U.S. Patent Growth: A Winning Trend
The data indicates a consistent increase in the number of patents held by DG in the U.S. from 2017 to 2021. Starting with 1,011 patents in 2017, DG’s portfolio grew steadily each year, reaching 1,562 patents by 2021. This represents a notable growth trend, suggesting a strong commitment to innovation and intellectual property development. The consistent annual increase highlights DG’s strategic focus on expanding its technological assets. This enhances competitive advantage and value creation in the market.
Congressional Stock Moves: A Tale of Divergence
In recent congressional trades, Representative John James, a Republican from the House of Representatives, reported a sale of shares in Dollar General on June 3, 2024, valued between $1,001 and $15,000. The report was filed on September 2, 2024. This transaction follows a purchase by fellow Republican Representative Dan Newhouse, also from the House of Representatives, who acquired shares in the same company on April 10, 2024, within the same valuation range, with his report filed on April 25, 2024.

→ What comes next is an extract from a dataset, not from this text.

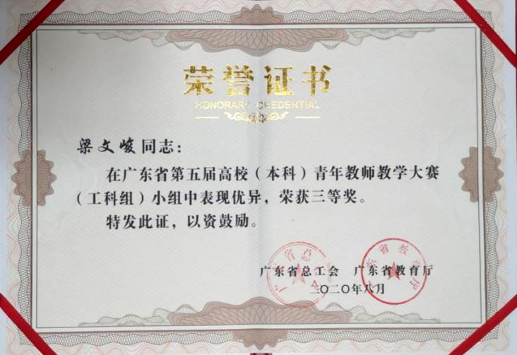 我校机械工程学院梁文峻老师在本次比赛中(工科组)获得三等奖。
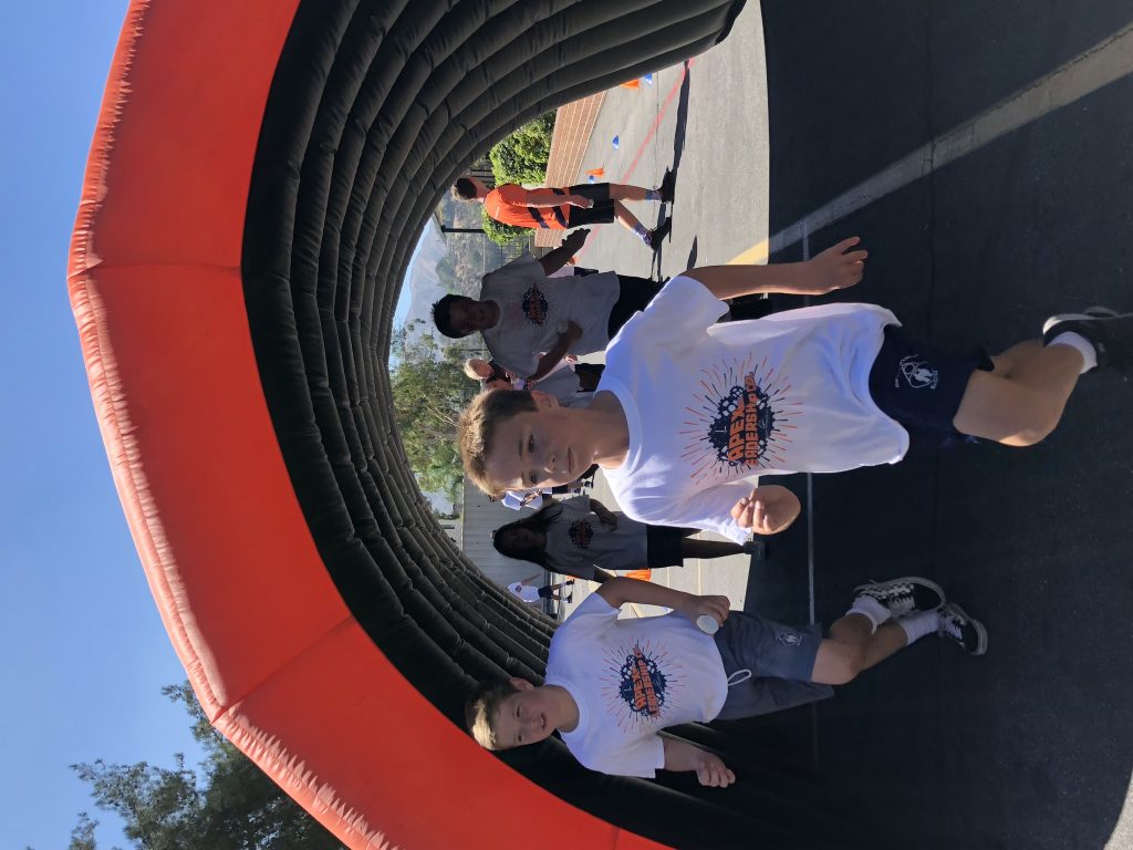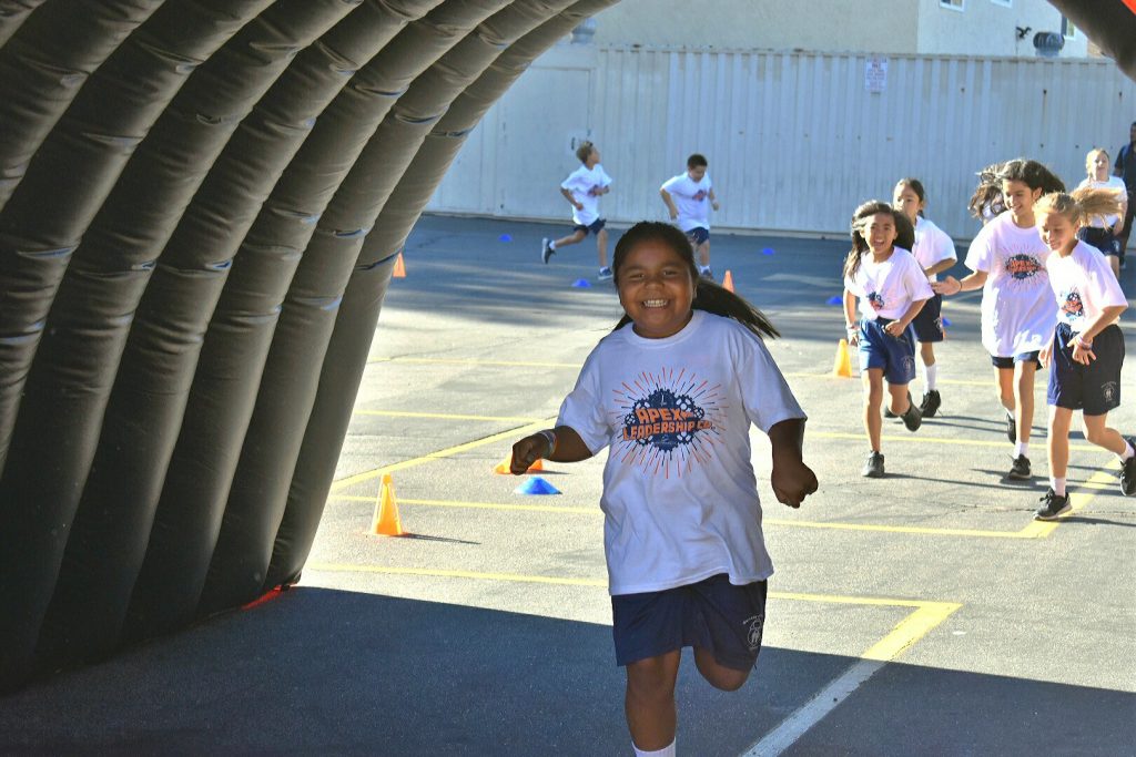 The school worked with Apex Fun Run as a leadership program teaching kids what it means to unite as a team. Students were challenged to run between 26 and 36 laps over 30 minutes with many completing well over 40, cooling off at water stations and running through misters on the warm day.

These trades reflect potentially differing perspectives on Dollar General’s market position or financial strategy. Newhouse’s purchase in April suggests an optimistic view of Dollar General stock’s future performance, while James’s sale in June might indicate a reevaluation or profit-taking strategy.
Disclosures:
On the date of publication, Yiannis Zourmpanos did not hold (either directly or indirectly) any positions in the securities mentioned in this article. This report has been generated by our stock research platform, Yiazou IQ, and is for educational purposes only. It does not constitute financial advice or recommendations.